Пузырь AI: почему шампанское на Сен-Барте может скоро закончиться
Индустрия искусственного интеллекта входит в фазу, которую историки технологий называют «точкой перегиба». Пока венчурные капиталисты заливают OpenAI и Anthropi
AI-processed from Habr AI; edited by Hamidun News
Every time Silicon Valley starts talking about a new era where the old laws of economics no longer apply, somewhere in the shadows an experienced investor begins checking the reliability of his parachute. Right now we're observing a classic picture: while OpenAI spends billions training new models and startup unicorns multiply like mushrooms after rain, skeptics begin asking uncomfortable questions about profitability. The irony is that the history of technological manias is cyclical.
If you look at the British "canal mania" of the 1790s, you see the same symptoms we see today. Back then people believed a network of waterways would connect the world and create endless wealth. The canals were built, but most investors went bankrupt, while the cream was skimmed by those who came to the ruins of their ambitions.

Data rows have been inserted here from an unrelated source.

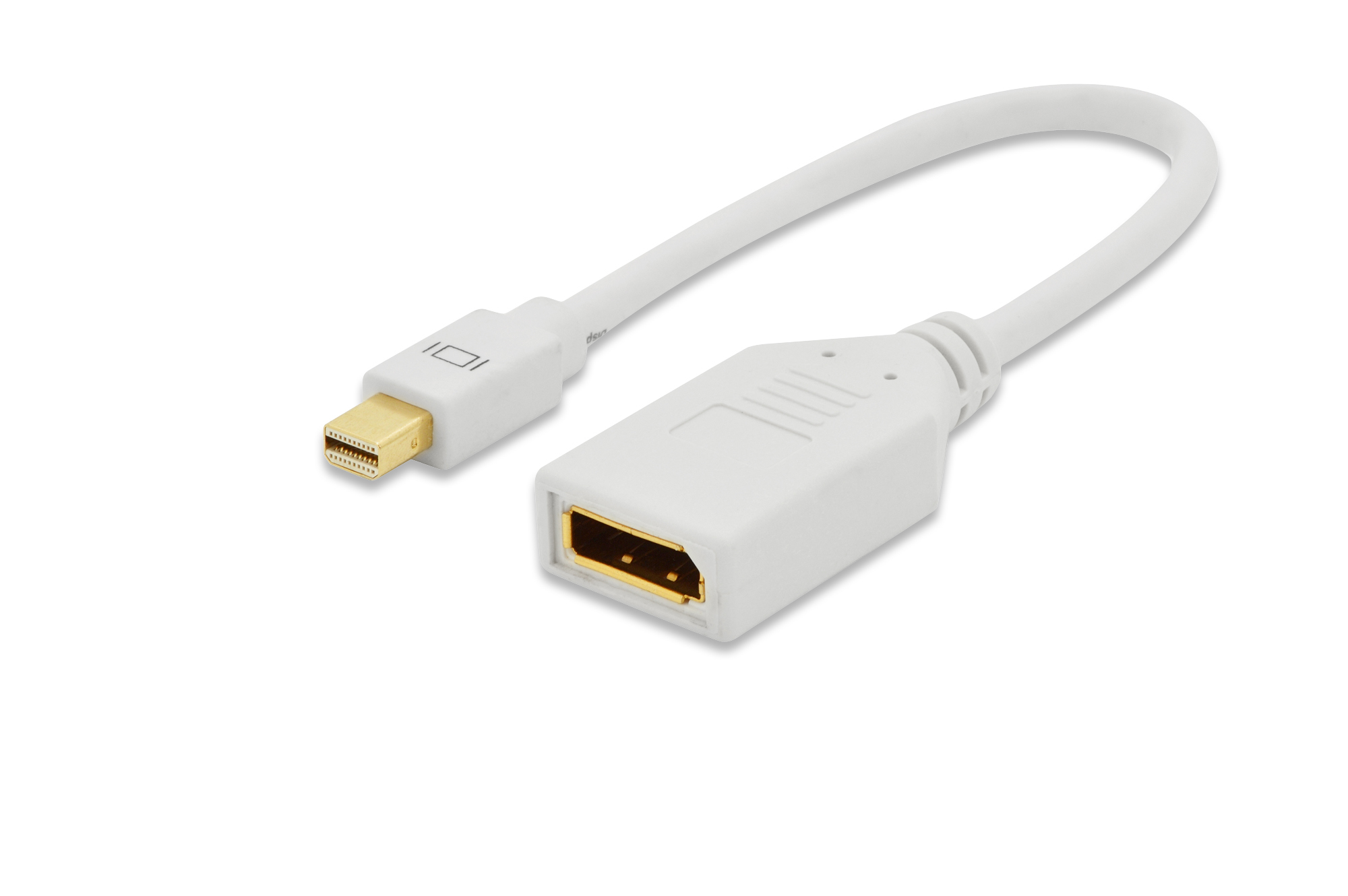 DisplayPort adapter cable, mini DP - DP, M/F, 0.15m, DP 1.1a compatible, UL, wh, gold
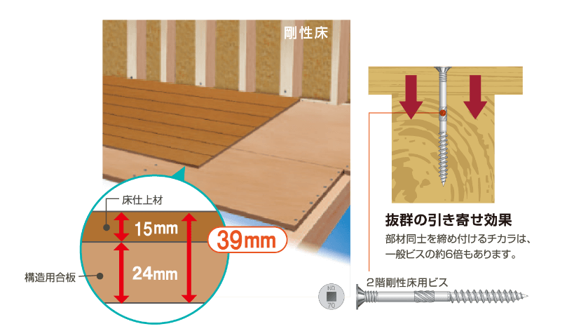 2階床には特殊な接合ビスを使用し、床倍率3.0倍を実現。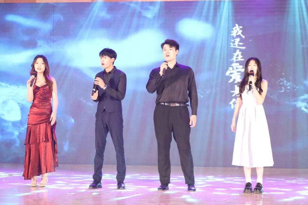 舞台灯光渐暗,重唱《因为爱情》如缠绕的藤蔓交织攀升,男声的深沉与女声的婉转在“因为爱情,不会轻易悲伤”的歌词中碰撞。演唱者相视而笑的瞬间,恍若将观众拉回青春里最柔软的角落。 女生独唱《我怎样去爱你》则以克制的深情叩击心扉。一袭白裙的演唱者立于舞台中央,声线如月光下的潮汐,渐强的副歌部分,共鸣如海浪层层堆叠,最高音处骤然收束为气声,未落的泪光比呐喊更灼人。男生独唱《拆穿》以爆发力撕开静谧。追光灯束如利剑刺破黑暗,歌者攥紧话筒,沙哑的高音裹挟着“谁会来拆穿”嘶吼直抵人心。钢琴伴奏如雨声敲击,轻重缓急,托举着歌声高潮迭起。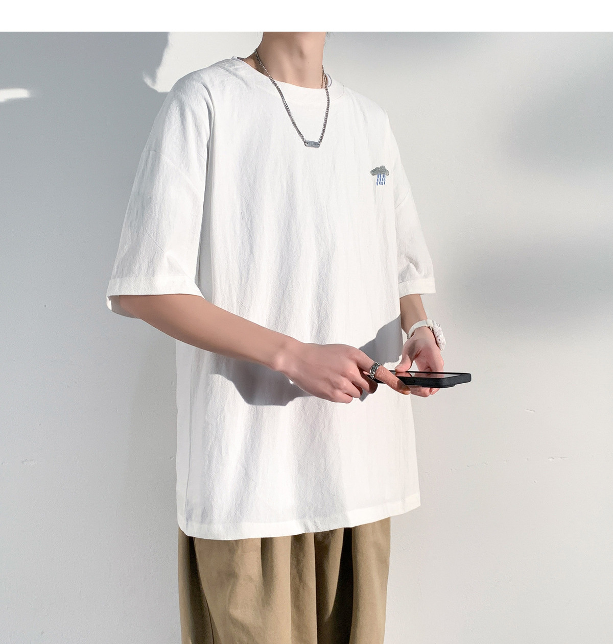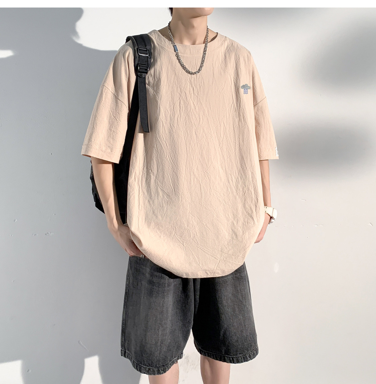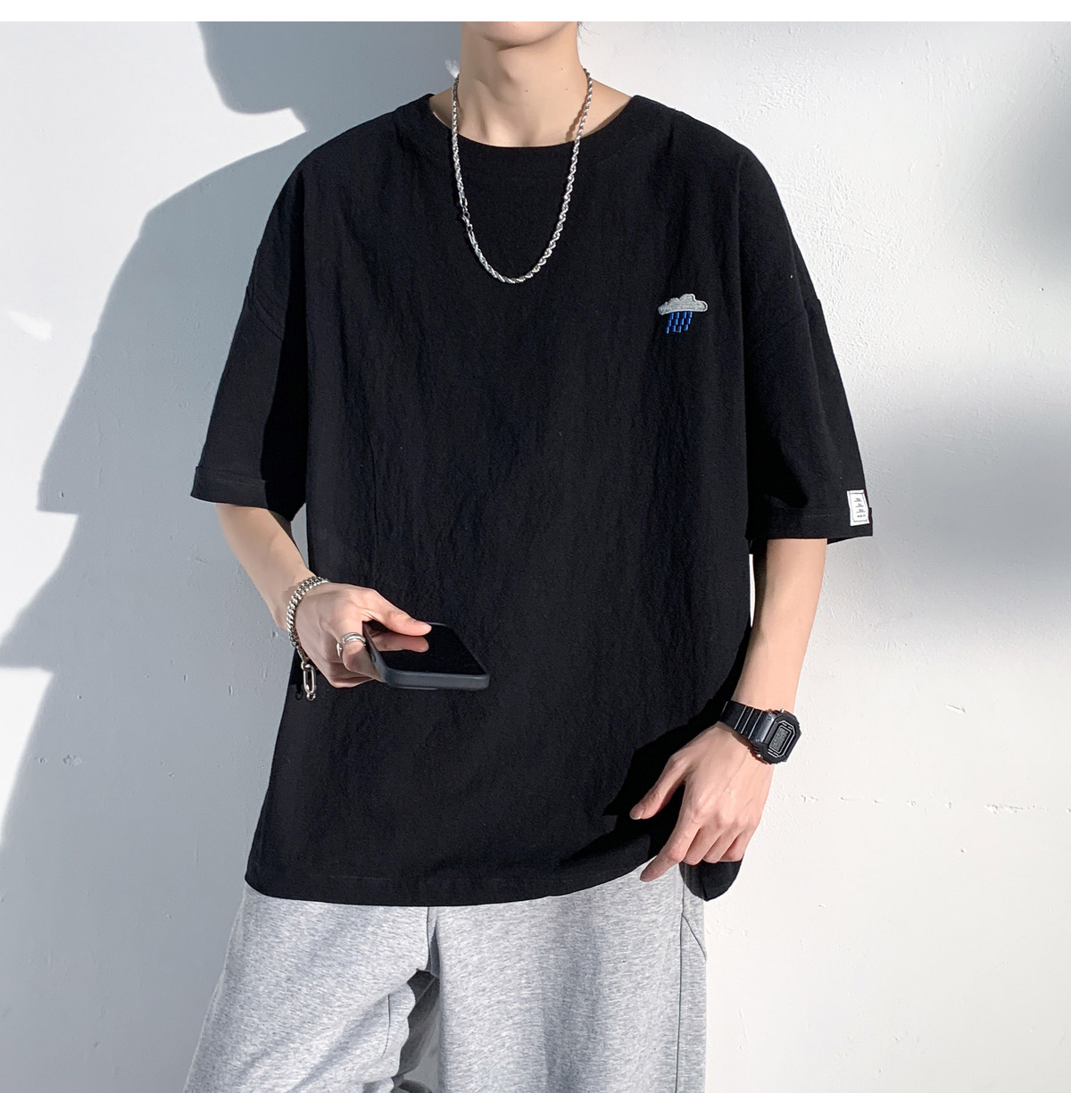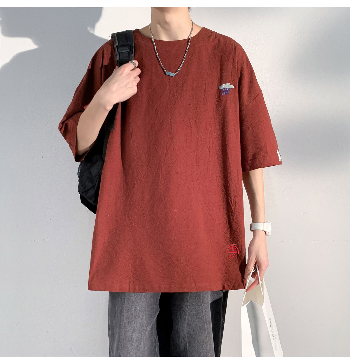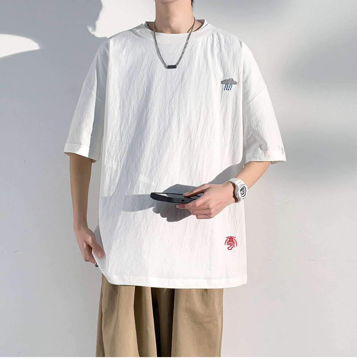 코튼 및 리넨 반팔 티셔츠 남성용 여름 모방 리넨 마이크로 숄더 남성 중국 스타일 자수 느슨한 캐주얼 홍콩 스타일 라운드 넥스토어 가기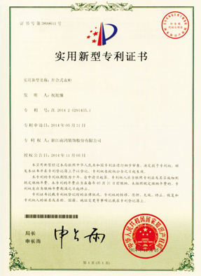 開合式衣柜專利證書

Today's artificial intelligence industry is heterogeneous, and it's critically important to understand this. We can conditionally divide it into four layers. The first is "shovel sellers" or chip manufacturers like Nvidia. They've already made their billions and feel great. The second layer is cloud giants that rent out computing power. The third is creators of foundational models, such as OpenAI or Google. And the fourth is applied startups that build their products on top of others' APIs. The problem is that most of the money right now is burning at the third and fourth levels, where infrastructure costs often exceed revenue from users. This is a classic growth trap, where each new customer brings not profit but additional losses.
The situation is complicated by the existence of two parallel realities in the world of AI. The first reality is the corporate sector, where algorithms quietly and efficiently optimize logistics, find errors in code, and automate boring accounting. Here economics works, and companies are willing to pay for real efficiency. The second reality is "magical" consumer AI. These are chatbots that compose poetry and video generators requiring colossal computing power. This is where the biggest bubble is being inflated. Users are accustomed to free or very cheap tools, while the cost of one complex query remains high. If venture capital dries up before these models become orders of magnitude more efficient, we're in for a loud crash.

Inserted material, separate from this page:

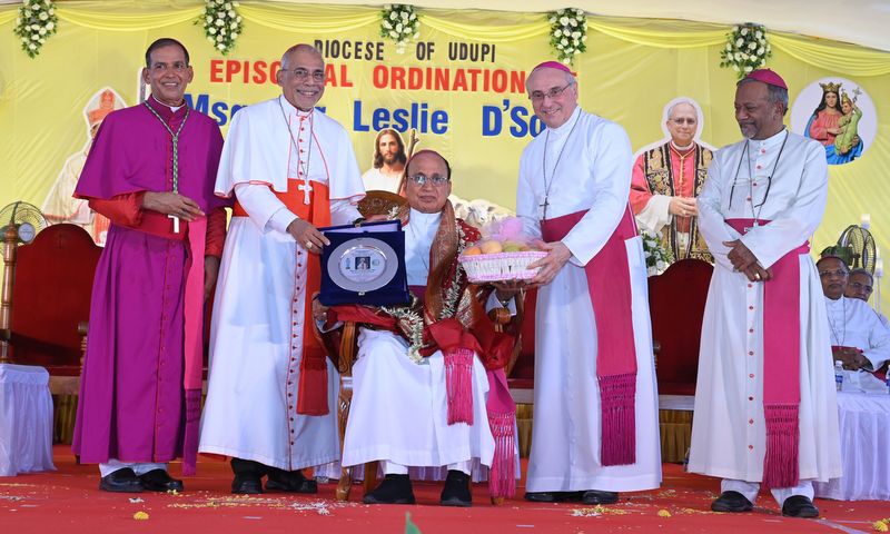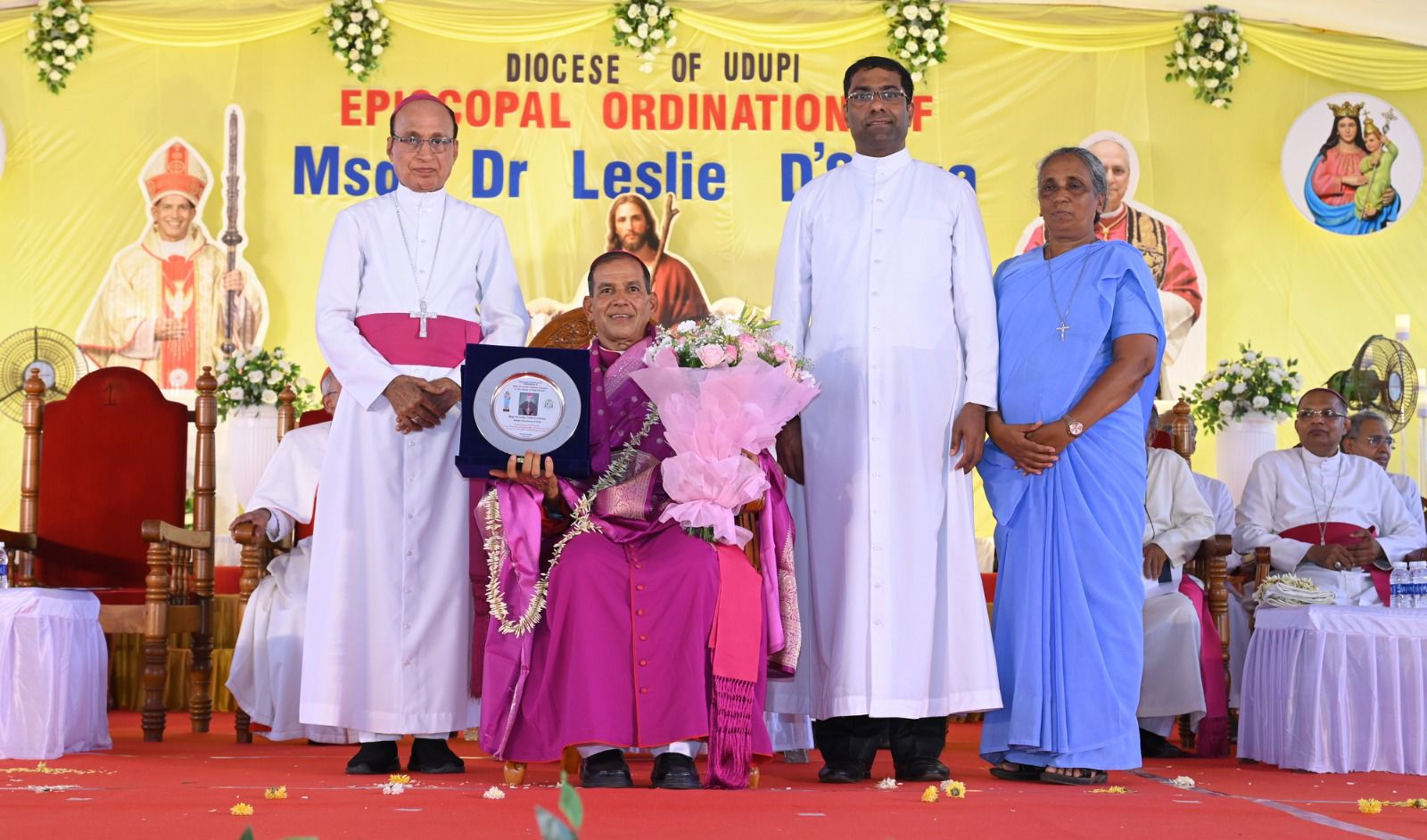 ಉಡುಪಿ. ಏಪ್ರಿಲ್ 20: ಉಡುಪಿಯ ಕಲ್ಯಾಣಪುರದ ಮಿಲಾಗ್ರಿಸ್ ಪ್ರಧಾನಾಲಯದ ಆವರಣದಲ್ಲಿ ನಡೆದ ಅತ್ಯಂತ ಪವಿತ್ರ ಹಾಗೂ ಐತಿಹಾಸಿಕ ಸಮಾರಂಭದಲ್ಲಿ ಪರಮ ಪೂಜ್ಯ ಅತೀ ವಂದನೀಯ ಡಾ. ಲೆಸ್ಲಿ ಕ್ಲಿಫರ್ಡ್ ಡಿಸೋಜ ಅವರು ಉಡುಪಿ ಧರ್ಮಕ್ಷೇತ್ರದ ನೂತನ ಧರ್ಮಾಧ್ಯಕ್ಷರಾಗಿ ಇಂದು ಏಪ್ರಿಲ್ 20ರಂದು ಸೋಮವಾರ ಅಧಿಕಾರ ಸ್ವೀಕಾರ ಮಾಡಿದರು. ಈ ಮೂಲಕ ಉಡುಪಿ ಧರ್ಮಕ್ಷೇತ್ರದ ಆಧ್ಯಾತ್ಮಿಕ ಸಾರಥ್ಯವು ಹೊಸ ನಾಯಕತ್ವಕ್ಕೆ ಹಸ್ತಾಂತರಗೊಂಡಿತು.

Investors in this race can also be divided into several camps. There are "true believers" convinced of the imminent arrival of AGI and willing to subsidize any losses for a bright future. There are those driven by pure fear of missing out—they jump into any round where the name contains the letters A and I.
And there are pragmatists who understand: when OpenAI or another major player faces a liquidity crisis, the market will begin a great fire sale of assets. It is at this moment that capital will be redistributed from dreamers to those who know how to count money. The bankruptcy of a major player won't kill the technology, but it will forever change the rules of the game, forcing the industry to mature.
What does this mean for us? Most likely we'll see a series of acquisitions and market consolidation. Small "wrappers" over GPT-4 will disappear because they have no foundation of their own. Those will survive who are embedded in real business processes, not just entertaining the public. Technological optimism is wonderful, but it doesn't replace positive cash flow. When the champagne in Saint-Barthélemy runs out and investors demand profit reports, we'll find out who was actually building the future and who was just blowing a beautiful bubble. The history of the dot-com crash taught us that Amazon and Google were born precisely from the ruins of a burst bubble. It will be the same with artificial intelligence.
Bottom line: Should we expect a crash tomorrow? Unlikely. But the era of "free money" for AI startups without a business model is officially coming to an end. Who will be the new Amazon in the world of neural networks?